Observe that the standard error of \(\widehat{\theta}\) based on the nonparametric bootstrap is not as close as the one based on the parametric bootstrap, but they are still remarkably close to each other. Of course, the example in LM Section 5.9 has information (the fact that we have a gamma pdf) which needs to be exploited in the bootstrapping process. But in more complicated applications, we typically do not have full information.

In these notes, I will discuss three key versions of the bootstrap. In fact, you actually have already encountered two versions. But the remaining one is important because it shows you why the bootstrap works.

  • Theoretical or exhaustive: Enumerate all possible resamples and construct the bootstrapped distribution of the estimator.
  • Empirical or nonparametric bootstrap: Use the data you have, take them as fixed, and resample from them a large number of times.
  • Parametric bootstrap: Fit a distribution which matches the data you have and draw resamples from that distribution.

The theoretical bootstrap

Consider the following situation:

  • Suppose \(X_1,X_2,X_3 \overset{\mathsf{IID}}{\sim} N\left(0,1\right)\).
  • Focus on the sample mean \(\overline{X}\) as the sample statistic or estimator.
  • You know that the sample mean is unbiased for 0.
  • You also know that the theoretical standard error of \(\overline{X}\) is \(1/\sqrt{3}\approx 0.577\).
  • You also know that if \(\sigma=1\) is unknown, then you would use a standard error equal to \(s/\sqrt{n}\), where \(s\) is the observed sample standard deviation.
  • Finally, IID plus normality implies that we know the finite-sample distribution of \(\overline{X}\), i.e., \(\overline{X} \sim N\left(0,1/3\right)\).
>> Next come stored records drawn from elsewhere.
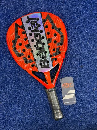 Pala de pádel Babolat Viper J.L. 3.0 con un diseño llamativo en color naranja y negro. - Superficie con agujeros. - Logo de la marca en el centro. - Empuñadura negra.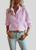 Elevate Your Wardrobe with Our Stylish Blouse! - This blouse features a sophisticated design with unique ruffles and an elegant collar, adding a feminine touch to any outfit. Made from high-quality materials, it's soft, breathable, and stretchy, ensuring all-day comfort. The button-down design allows for a customizable fit, while long sleeves provide warmth on cooler days.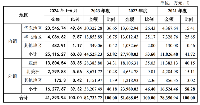 泽润新能另一个难以忽视的特征是海外收入占比较高,据招股说明书数据,2021-2023年及2024年上半年公司营收中外销占比分别为58.28%、46.40%、46.18%、39.32%,境外收入高出同业平均13个百分点左右。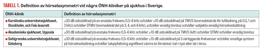 Riktlinjer för att utreda hörselasymmetri vid ÖNH-kliniker på sjukhus i Sverige framgår av Tabell 1. Utöver ensidig sensorineural hörselnedsättning och tinnitus är ostadighet, hydrocefalussymtom (huvudvärk, gångsvårigheter, minnesstörning och förvirring), trigeminuspåverkan och facialispåverkan symtom som kan väcka misstanke om vestibularisschwannom.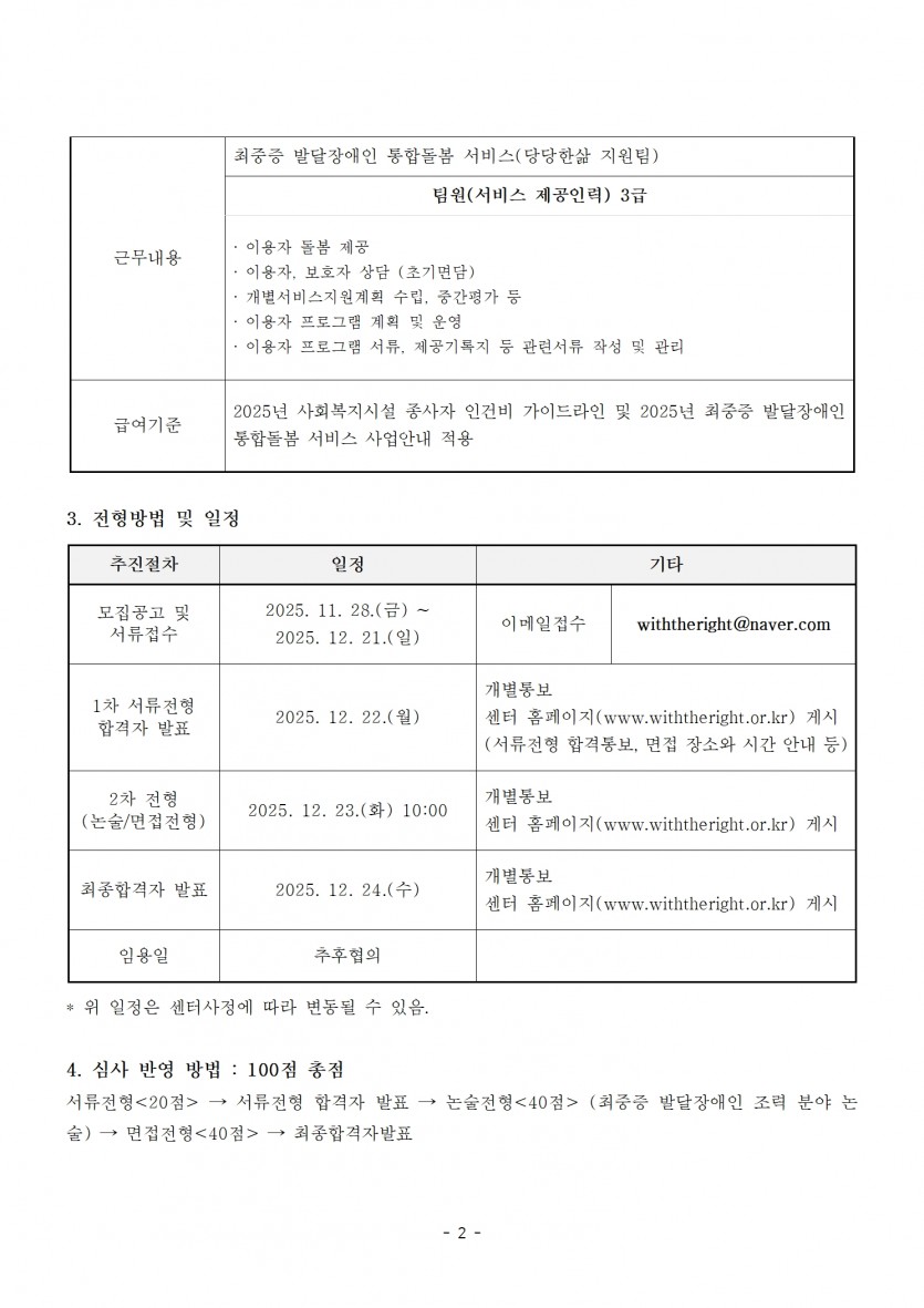 종사자 채용 재공고(최중증 발달장애인 통합돌봄 주간 개별형 1:1지원 서비스 종사자_출산전후휴가 및 육아휴직 대체인력) 페이지 정보 작성자 최고관리자 작성일 25-11-28 19:02 조회 140회 댓글 0건 첨부파일 파일 붙임. 종사자채용공고문통합돌봄서비스 지원인력_인천광역시서구발달장애인평생교육센터_이력서포함.hwp (100.0K) 5회 다운로드 DATE : 2025-11-28 19:02:13 본문 다음글 목록

In this specific example, we can actually enumerate all the possible resamples of size 3 and derive the so-called theoretical bootstrapped distribution.

# Draw 3 random numbers from standard normal
x <- rnorm(3)
# Show what they look like
x
[1] 0.6670298 0.2100579 1.6179838
# Enumerate all possible resamples of size 3 with replacement
all <- matrix(c(x[1], x[1], x[1], x[1], x[1], x[2], x[1], x[2], x[1], 
    x[2], x[1], x[1], x[1], x[2], x[2], x[2], x[2], x[1],
    x[2], x[1], x[2], x[2], x[2], x[2], x[2], x[2], x[3],
    x[2], x[3], x[2], x[3], x[2], x[2], x[3], x[3], x[2],
    x[3], x[2], x[3], x[2], x[3], x[3], x[3], x[3], x[3],
    x[3], x[3], x[1], x[3], x[1], x[3], x[1], x[3], x[3],
    x[1], x[1], x[3], x[1], x[3], x[1], x[3], x[1], x[1],
    x[1], x[2], x[3], x[3], x[2], x[1], x[1], x[3], x[2],
    x[2], x[1], x[3], x[3], x[1], x[2], x[2], x[3], x[1]), 
    nrow=27, byrow=TRUE)
# Show the first 5 rows
all[1:5,]
          [,1]      [,2]      [,3]
[1,] 0.6670298 0.6670298 0.6670298
[2,] 0.6670298 0.6670298 0.2100579
[3,] 0.6670298 0.2100579 0.6670298
[4,] 0.2100579 0.6670298 0.6670298
[5,] 0.6670298 0.2100579 0.2100579
# Apply the sample mean to every row
allmeans <- apply(all, 1, mean)
# summary statistics for the data we actually have
c(mean(x), var(x), sd(x))
[1] 0.8316905 0.5158987 0.7182609
# summary statistics of the bootstrapped sample means
c(mean(allmeans), var(allmeans), sd(allmeans))
[1] 0.8316905 0.1190536 0.3450414
# compare
1/sqrt(3) # Theoretical standard error as you know the formula
[1] 0.5773503
sd(x)/sqrt(3) # How you would estimate the standard error if you know the formula but do not know that true variance = 1
[1] 0.4146881
sqrt(2/3)*sd(x)/sqrt(3) # degrees of freedom adjustment
[1] 0.3385914

Observe that mean(allmeans) is the mean of the collection of bootstrapped sample means. It is not equal to the true mean 0. But it actually matches the observed sample mean! Therefore, the bootstrap does not actually help you learn the true mean at all!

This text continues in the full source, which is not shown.